Лишь когда Соломон уходил через сад в  книгохранилище, она могла расслабиться и заняться своими неотложными делами. Поручила Шима, знакомому сборщику лекарственных трав, которого много лет знала, как помощника Хаввы, строительство дома для хранения этих трав. Дом должен стоять неподалеку от главного входа нового дворца царя. Но там свободного места уже не было.

Через улицу, почти вплотную стояли саманные хибары, которые она распорядилась скупить, построив беднякам более просторные дома на окраине города, а на освободившемся месте выстроить каменный двухэтажный дом, где на крыше, в тени навеса можно будет сушить и сортировать лекарственные травы. На втором этаже будет сама жить, хранить и приготовлять снадобья, а первый этаж послужит для приёма посетителей, больных, обучения отобранных девушек искусству врачевания. Она не видела своей избранности, понимала, что привязанность Соломона может продержаться недолго, и спешила извлечь из нынешнего положения все выгоды, которые представятся.
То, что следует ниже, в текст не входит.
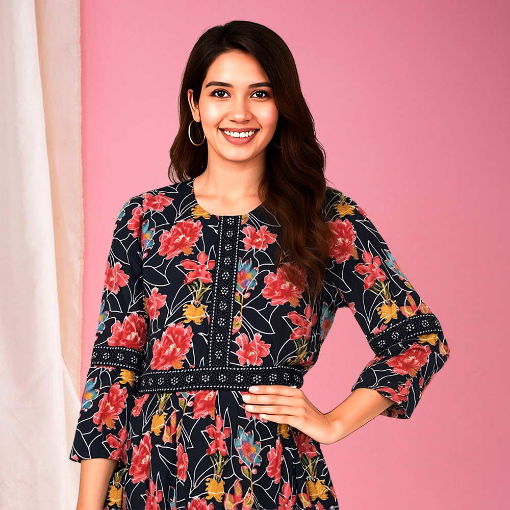 Adorn yourself with the vibrant charm of the all-over multicolor floral print that brings life and color to your wardrobe. Perfect for sunny days and festive occasions alike!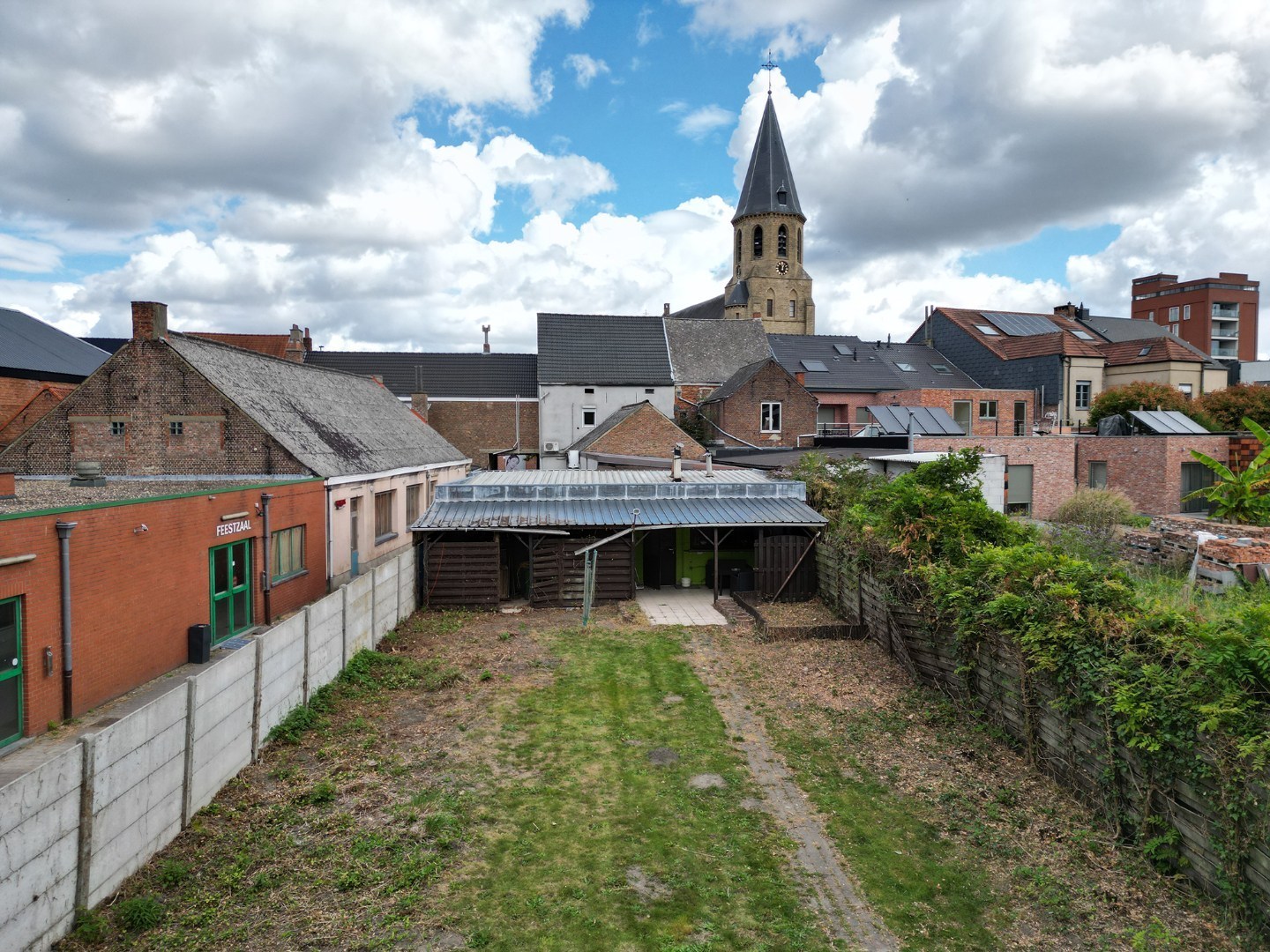 Erfdienstbaarheid aanwezig aan de rechterkant van het perceel.

Для воплощения своих замыслов привлекла всех своих знакомых, которым доверяла. Тридцатитрехлетний Шима, многодетный отец семейства, стал её правой рукой. Он единственный имел право беспрепятственно входить на территорию дворца, разыскивать Милку и разговаривать с ней. Визиты старался проделывать неприметно, дабы не давать Соломону повода для ревности, а его женам пищу для лживых измышлений на новую соперницу. Догадывался, что у неё много завистниц, и не только из числа жен Соломона; взлетевших из низов к подножию престола, никто не любит, каждая предпочитает себя наверху.

Шима встречался с Милкой по утрам, когда царь проводил время за чтением папирусов в книгохранилище. Она выслушивала короткий отчет о проделанной работе и давала очередной кошелек с золотыми или серебряными кольцами. Став хозяйкой дворца, она по-новому начала смотреть на царские дела, видела, что золото и серебро, поступающее в казну, тут же распылялось на десятки неотложных забот. И никто не мог дать гарантии, что часть, если не половина металла, не присвоится корыстными посредниками.

Милка легко взяла власть во дворце в свои руки. Точнее, никто не противился её распоряжениям, пожеланиям, сделанным в форме неназойливого совета, и с лёгкой улыбкой на губах. Вирсавия давно ей благоволила, часто прибегая к её услугам, внимательно выслушивала советы по приёму пищи, применению косметических мазей, притираний, покорно пила по утрам и вечерам пахучие настойки трав. Ахисар, видя царя в подавленном состоянии, перестал советоваться с ним, не хотел докучать, знал, что он всё равно сделает так, как скажет Милка, которая, казалось, ведала всё о дворцовых делах и людях его населяющих.

Зара смирилась с потерей влияния. Чтобы открыто выступить против новой фаворитки или хотя бы пытаться нашептывать царю о просчетах в управлении Милки, нужно обладать безрассудной смелостью. Понимала, что раздражение царя в первую очередь коснется её самой, а уж потом заденет соперницу. Да и промахи новой хозяйки были не столь значительны, чтобы на них заострять внимание. Научится, все ошибались в своё время.
О свадьбе не могло быть и речи. Какое может быть торжество, когда царь в неизменной печали и даже слуги казалось, разучились смеяться? Приёмы во дворце стали менее продолжительными и интересными. Соломона старались меньше загружать спорными вопросами.
Приходили послы, купцы, лазутчики с новыми сведениями, сплетнями, слухами, которые он выслушивал и давал короткие распоряжения. Больных перестал принимать, приказал отсылать к Милке, убедившись, что многие болезни она успешно излечивает мазями, настойками трав, ласковым словом и участливым обхождением. Близость к царю ещё больше усилила её притягательность и доверие, как к врачевательнице.

Иные женщины, потеряв надежду хоть как-то привлечь внимание царя, часто под видом какого-нибудь недуга, своего или домочадцев, упорно домогались встреч с Соломоном, надеялись своей красотой соблазнить хотя бы на короткое время, и получить свою выгоду — добыть мужу хорошую должность, повышение по службе.

Сейчас же их встречала русоволосая волшебница, которая участливо и понимающе выслушивала однотипные, придуманные жалобы, принимала золотое кольцо в оплату своей услуги и выдавала приятно пахнущую мазь канех-бозем в коробочке из листьев пальмы вместе со словесной инструкцией по применению. Эту мазь следовало слегка намазывать на виски перед сном, мысленно проговаривая молитву Всевышнему о своём выздоровлении.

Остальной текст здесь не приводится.